Metadata-Version: 2.4
Name: consolidation-memory
Version: 0.1.0
Summary: Local-first persistent memory for AI agents — store, recall, and consolidate knowledge across sessions using FAISS, SQLite, and any LLM
Author: Charlie Wright
License-Expression: MIT
Project-URL: Homepage, https://github.com/charliee1w/consolidation-memory
Project-URL: Repository, https://github.com/charliee1w/consolidation-memory
Project-URL: Issues, https://github.com/charliee1w/consolidation-memory/issues
Keywords: mcp,memory,ai,semantic-search,faiss,claude
Classifier: Development Status :: 4 - Beta
Classifier: Intended Audience :: Developers
Classifier: Programming Language :: Python :: 3
Classifier: Programming Language :: Python :: 3.10
Classifier: Programming Language :: Python :: 3.11
Classifier: Programming Language :: Python :: 3.12
Classifier: Programming Language :: Python :: 3.13
Classifier: Programming Language :: Python :: 3.14
Classifier: Topic :: Scientific/Engineering :: Artificial Intelligence
Requires-Python: >=3.10
Description-Content-Type: text/markdown
License-File: LICENSE
Requires-Dist: mcp[cli]>=1.26.0
Requires-Dist: httpx>=0.28.0
Requires-Dist: faiss-cpu>=1.9.0
Requires-Dist: scipy>=1.14.0
Requires-Dist: numpy>=2.0.0
Requires-Dist: platformdirs>=4.0.0
Requires-Dist: tomli>=2.0.0; python_version < "3.11"
Provides-Extra: fastembed
Requires-Dist: fastembed>=0.4.0; extra == "fastembed"
Provides-Extra: openai
Requires-Dist: openai>=1.0.0; extra == "openai"
Provides-Extra: rest
Requires-Dist: fastapi>=0.115.0; extra == "rest"
Requires-Dist: uvicorn[standard]>=0.34.0; extra == "rest"
Provides-Extra: all
Requires-Dist: consolidation-memory[fastembed,openai,rest]; extra == "all"
Provides-Extra: dev
Requires-Dist: pytest>=8.0.0; extra == "dev"
Requires-Dist: ruff>=0.7.0; extra == "dev"
Requires-Dist: httpx>=0.28.0; extra == "dev"
Dynamic: license-file

# consolidation-memory

Local-first persistent memory for AI agents.

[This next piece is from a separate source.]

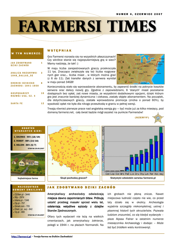 NUMER 4, CZERWIEC 2007 WSTĘPNIAK W TYM NUMERZE: JAK ZDOBYWANO DZIKI ZACHÓD 1 ANALIZA ROZGRYWKI 1848_DALLAS_5E 3 KRONIKI DZIKIEGO ZACHODU: 1841-1850 8 GOSPODARCZY ROZWÓJ USA, CZ. 4 10 SANTA FE 12 Gra Farmersi rozrasta się na wszystkich płaszczyznach! Czy wkrótce stanie się najpopularniejszą grą w sieci? Mamy nadzieję, że tak! :) W maju liczba zarejestrowanych graczy przekroczyła 11 tys. Znacząco zwiększyła się też liczba rozgrywanych gier oraz... liczba miast , w których można grać (z 6 do 11). Zaś transfer danych z serwera wyniósł w maju ponad 34GB! Koniecznością stało się wprowadzenie abonamentu, by zapewnić środki na pokrycie kosztów serwera oraz dalszy rozwój gry. Zgodnie z zapowiedziami, 6 ‘starych’ miast pozostanie dostępnych bez opłat, zaś nowe miasta, ze wszystkimi dodatkowymi opcjami, dzięki którym gra jest znacznie bardziej dynamiczna i ciekawa, zostały objęte abonamentem. Na początek, dla dotychczasowych graczy, została wprowadzona promocja (zniżka o ponad 60%), by wysokość opłat nie była dla nikogo przeszkodą w graniu w pełnej wersji. Trwają również pierwsze prace nad angielską wersją gry — być może już za kilka miesięcy, pod domeną farmersi.net, cały świat będzie mógł oszaleć na punkcie Farmersów! (SZERYF) ODSETEK WYGRANYCH GIER: 1. SKUNKS - 95% (18/19) 2. ROBOT - 88% (14/16) 3. HELION - 86% (6/7) STAN NA 29.05.2007 Najładniejsza farma Skąd pochodzą gracze? Statystyki odwiedzin serwisu farmersi.pl NAJCZĘSTSZE DOMENY EMAILOWE: JAK ZDOBYWANO DZIKI ZACHÓD O2/tlen.pl - 3446 Wp - 2974 • Interia.pl - 1348 • Op.pl - 757 • Gmail.com - 705 • Onet (.pl, .eu) - 642 • Vp.pl - 469 Amerykańscy archeolodzy odwiedzają miejsca dawno zapomnianych bitew. Próbują ustalić przebieg masakr sprzed wielu lat, odsłaniają wstydliwe epizody z dziejów Stanów Zjednoczonych. • • STAN NA 27.05.2007 Ofiary tych wydarzeń nie leżą na wielkich cmentarzach, jak amerykańscy żołnierze, polegli w 1944 r. na plażach Normandii. Na http://farmersi.pl – Twoja farma na Dzikim Zachodzie! ich grobach nie płoną znicze. Nawet miejscowa ludność często nie wie, co przed laty działo się w okolicy. Archeologia wyjaśnia szczegóły niekompletnej, ustnej i pisemnej historii tych okrucieństw. Pozwala ludziom zrozumieć, co się kiedyś wydarzyło – pisze Alyssa Fisher w ostatnim numerze miesięcznika Archaeology i dodaje: – Może też być źródłem wielu kontrowersji. FARMERSI TIMES # 4 - CZERWIEC 2007 KTO ZABIŁ OSADNIKÓW? W 1857 r. z Caravan Springs w północno-zachodnim Arkansas wyjechało 40 wozów. 140 emigrantów, mężczyzn z kobietami i dziećmi, pod przewodnictwem Alexandra Fanchera i Johna Bakera, ruszyło na zachód. 7 września, gdy znajdowali się w połowie drogi do Kalifornii, postanowili rozbić obóz na noc w okolicy Mountain Meadows, w stanie Utah. Tam zostali zaatakowani i wszyscy, z wyjątkiem 17 dzieci, ponieśli śmierć. Na temat tego, co wydarzyło się tej nocy i kto zabił osadników, amerykańscy badacze toczą spór do dziś. Lokalni historycy utrzymują, że mogła to być paramilitarna bojówka mormonów, wspomagana wojownikami Indian Pajutów. Mormoński biskup John Lee, stracony w 1877 r., był jedyną osobą oskarżoną i skazaną za tę zbrodnię. O masakrze wspominał także Mark Twain: „Duży oddział mormonów, wymalowanych i udających Indian, zaatakował wozy emigrantów około 300 mil na południe od Salt Lake City – notował. – Ale osadnicy ufortyfikowali się przy wozach i z sukcesami przez pięć dni odpierali ataki! (…) Po tym czasie mormoni uciekli się do wojskowego podstępu. Zmyli z twarzy barwy wojenne i – uzbrojeni po zęby, z białą flagą – przyjechali do oblężonych osadników! Gdy emigranci zobaczyli nadjeżdżających białych mężczyzn, opuścili broń i serdecznie ich powitali”. Tę wersję wydarzeń potwierdził dwa lata po masakrze major James Carleton, który przyjechał na miejsce, aby sporządzić dla Kongresu raport dotyczący tych wydarzeń. Napisał w nim, że na obóz osadników napadła grupa Indian Pajutów oraz mormoni, przebrani za Indian. Z raportu wynikało, że po nieudanym ataku mormoni zmyli z siebie barwy wojenne i przyszli do obozu, oferując pomoc. A potem razem z Indianami wymordowali osadników. SZCZĄTKI POD MONUMENTEM Mjr Carleton pogrzebał szczątki ofiar, usypał na grobie stos z kamieni, a na górze zatknął krzyż. W 1990 r. stanął tam granitowy monument z napisem informującym o masakrze. Podczas ostatniej renowacji pomnika, cztery lata temu, odkryto kości 28 osób. Badanie gruntu radarem przyniosło kolejne rewelacje – trzy groby ze szczątkami ofiar masakry. Zgodnie z prawem stanowym Utah należało poddać je analizie. Zajęła się tym antropolog Shannon Novak z uniwersytetu w Utah. Jej zespół poddał analizie ponad 2,6 tys. fragmentów szczątków. Okazało się, że Indianie prawdopodobnie mieli z tym mordem niewiele wspólnego. Antropolodzy nie dopatrzyli się na kościach śladów po skalpowaniu ostrymi http://farmersi.pl – Twoja farma na Dzikim Zachodzie! Str. 2 narzędziami. Novak stwierdziła też, że zaatakowanym nie podcinano gardeł, co było częstym sposobem zabijania ofiar przez Indian. W kościach znaleziono za to wiele przestrzelin. Obrażenia dowodziły, że osadnicy ginęli od strzałów z bliskiej odległości. Antropolodzy zaczęli podejrzewać, że masakry dokonali wyłącznie biali ludzie. – Prawdopodobieństwo, że Indianie używali broni mormonów, jest małe – argumentowała Novak. SAND CREEK Niedługo po tych tragicznych wydarzeniach, 29 listopada 1864 r., doszło do innej masakry – nad rzeką Sand Creek. Tym razem 700 amerykańskich kawalerzystów – w większości ochotników – pod dowództwem płk. Johna Chivingtona napadło na wioskę Indian Czejenów i Arapaho w południowo-wschodniej części stanu Kolorado. Chivington prowadził swoich ludzi aż 40 mi

Store facts, solutions, and preferences as episodes — then a local LLM automatically clusters and distills them into structured knowledge documents. Your AI remembers what it learned, not just what you said.

Works with **any LLM** (LM Studio, Ollama, OpenAI) and **any interface** — MCP (Claude Desktop/Code/Cursor), Python API, REST API, or OpenAI function calling.

## Quick Start

```bash
pip install consolidation-memory[fastembed]
consolidation-memory init
```

### MCP (Claude Desktop / Claude Code / Cursor)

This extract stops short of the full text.